Skip to content

HTTP AIO dispatcher stalls after initial startup batch (v0.8.2) #1029

@flossypurse

Description

@flossypurse

Summary

The Resonate server v0.8.2 HTTP AIO dispatcher processes __invoke tasks at startup, then stops dispatching new tasks created after startup — indefinitely.
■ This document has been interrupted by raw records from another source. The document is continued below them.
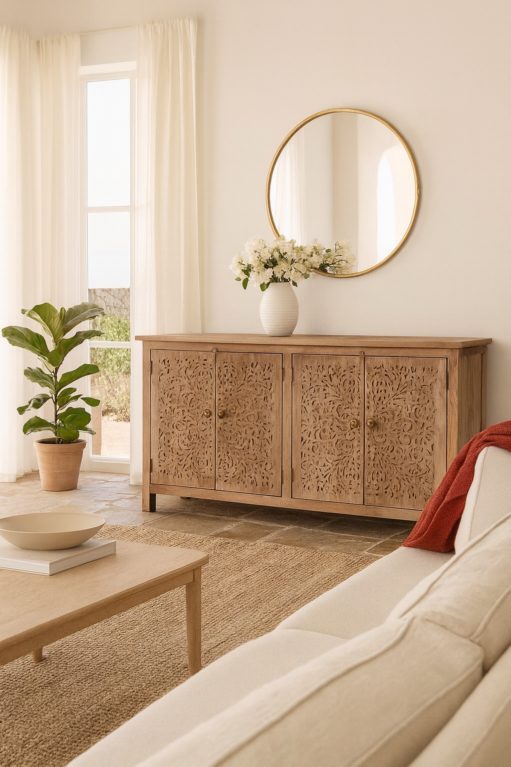 Bring warmth, texture, and refined simplicity into your home with this beautifully crafted acacia wood sideboard, a standout piece of acacia wood furniture that balances artisanal design with everyday functionality. Made from solid acacia wood, this sideboard highlights the natural grain and rich tonal depth of the material, while delicate hand-carved detailing adds subtle texture and charm.
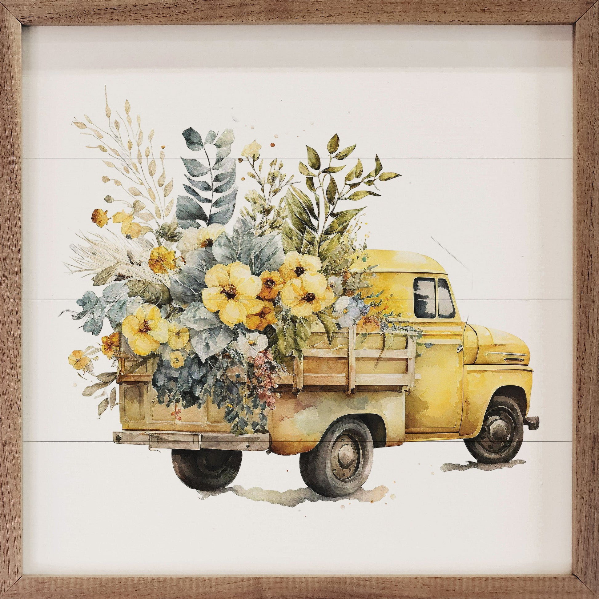 This unique piece is a simple way to bring beauty and charm to any wall or shelf within the home. it is made from high quality American hardwood planks with a hand painted face, and printed with UV cured ink, and is framed in a natural walnut frame. Each piece is unique with its own personality, marks, wood grain, and look. Easy to clean with a dry cloth.
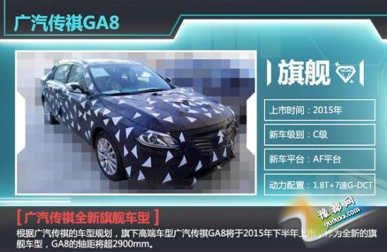 根据广汽传祺的车型规划,旗下高端车型广汽传祺GA8将于2015年下半年上市,作为全新的旗舰车型,GA8的轴距将超2900mm。动力方面官方还未透露,据推测有望与传祺GA6共享动力总成,搭载1.8T涡轮增压引擎,最大功率130KW,峰值扭矩为242N.m,传动方面匹配广汽自主研发的7速G-DCT双离合变速箱。
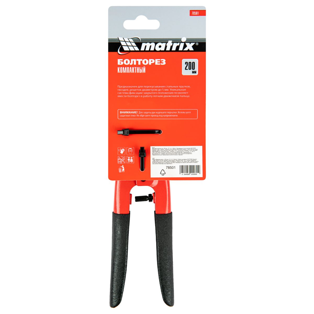 Компактный болторез Matrix 78501 длиной 200 мм (8″), из стали CrV, предназначен для перекусывания гвоздей, болтов, проволоки различной твердости, а также металлических стержней, заклепок, цепей и решеток толщиной до 5 мм. Благодаря компактности и малому весу 274 г оптимален для работы в труднодоступных местах. Инструмент рекомендован профессиональным работникам для проведения слесарных, строительных, спасательных работ.
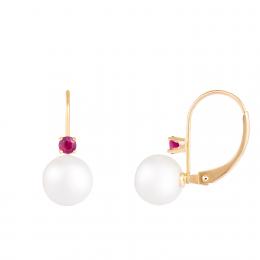 14K Yellow Gold 7-7.5mm White Freshwater Pearl and Ruby Earrings
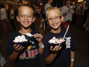 Jack Tanner, left, and Jordan Judkins, both of Adrian, Mich., eat ice cream out of batter helmets.
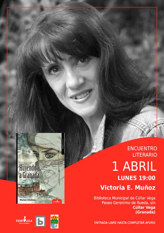 El lunes 1 de abril a las 19 h. tendremos un encuentro literario con Victoria E. Muñoz, autora de «Huyendo a Granada». Nos presentará esta bonita historia en tierras de Al-Andalus y posteriormente en el mes de mayo realizaremos la ruta literaria en Granada por los lugares que aparecen en dicho libro.
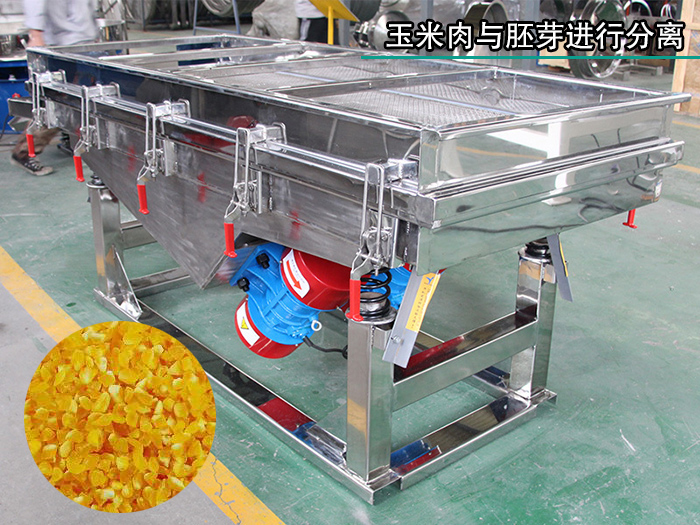 玉米淀粉的提取主要是从,玉米肉中提取的。而胚芽只是玉米粒中的种子部分没有提取的必要,所以要把玉米肉于胚芽进行分离。这里又要用到振动筛分机了。由于这个环节的玉米是经过浸泡的其可以使用不锈钢直线筛分机了,因为这个环节的玉米以及不是完整的了,其需要注意卫生所以小编选用了:不锈钢的直线振动筛。
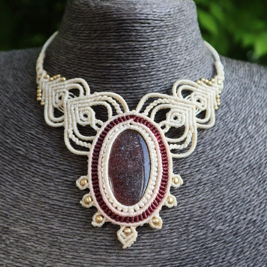 Makramee Collier mit dunkelrotem Goldfluss Stein, weiß und rot
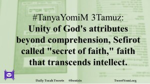 #TanyaYomiM 3Tamuz: Unity of God’s attributes beyond comprehension, Sefirot called “secret of faith,” faith that transcends intellect.
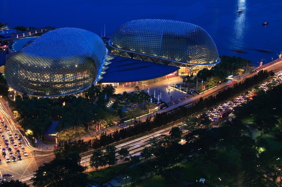 濱海藝術中心位于新加坡著名的濱海區,建筑總面積高達8萬多平方米,是新加坡最新的地標。由于其外形奇特突出,宛如兩顆大榴蓮,被人戲稱為榴蓮藝術中心。
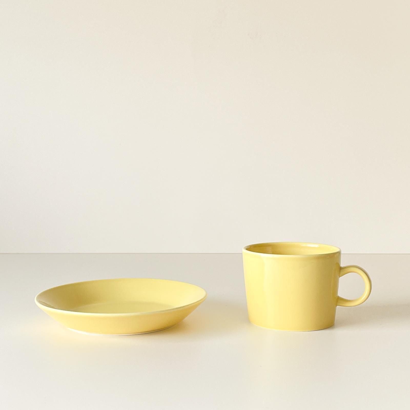 ARABIAのTEEMAシリーズのヴィンテージ、IITTALAロゴのカップ&ソーサーLサイズです。きれいなイエローが魅力的ですが、このイエローは現在では作られていない廃盤カラーなので貴重です。ソーサーはフラットなつくりなので、プレートとして単独使いができる点も感心させられるデザインです。
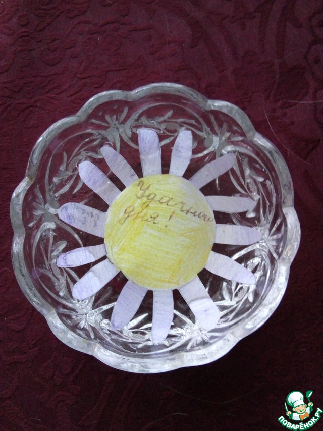 А напоследок чудесный сюрприз от дочки Даши, цветок, который распускается в воде, всё по инструкции, налила воду в вазочку положила бумажный бутончик и он раскрылся, полюбуйтесь дорогие

The server process stays alive with no errors logged.

Environment

  • Server version: v0.8.2
  • Store: SQLite (default)
  • Deployment: Linux systemd service on Ubuntu
  • Worker type: Serverless (Supabase Edge Functions via HTTP-push)

Steps to Reproduce

  1. Start the Resonate server with auth enabled:
    resonate serve --system-url https://your-server.io --api-auth-public-key /etc/resonate/public_key.pem
    
  2. Create a promise via POST /promises with a resonate:invoke tag pointing to an HTTP function URL (using beginRpc() from @resonatehq/sdk)
  3. Server dispatches the promise and the function executes — works correctly
  4. Restart the server (all pending tasks dispatched from the DB on startup) — works
  5. Create a new promise after startup — stays PENDING indefinitely

Observed Behavior

  • New __invoke tasks are created in the SQLite DB with state=1, expires_at=0, attempt=0
  • The server never attempts to dispatch them (no HTTP call to the resonate:invoke URL)
  • Server logs are completely silent after the initial startup burst (no errors, no warnings)
  • The server responds to API calls (GET /promises, POST /promises) correctly
  • Metrics show coroutines_in_flight{type="EnqueueTasks"} 1 — one EnqueueTasks coroutine is alive but apparently not picking up new tasks

Metrics at Time of Stall

aio_worker_submissions_in_flight{type="sender:http",worker="0"} 1
aio_submissions_in_flight{type="sender:http"} 1
coroutines_in_flight{type="EnqueueTasks"} 1
tasks_total{state="created"} 1

The one in-flight submission on worker 0 corresponds to the last task dispatched at startup. New tasks created after startup are never enqueued to the sender channel.

Workaround

Restarting the server processes new pending tasks again — but the stall recurs after the first batch:

# Check for stuck tasks
sqlite3 /var/lib/resonate/resonate.db "SELECT count(*) FROM tasks WHERE state=1 AND expires_at=0;"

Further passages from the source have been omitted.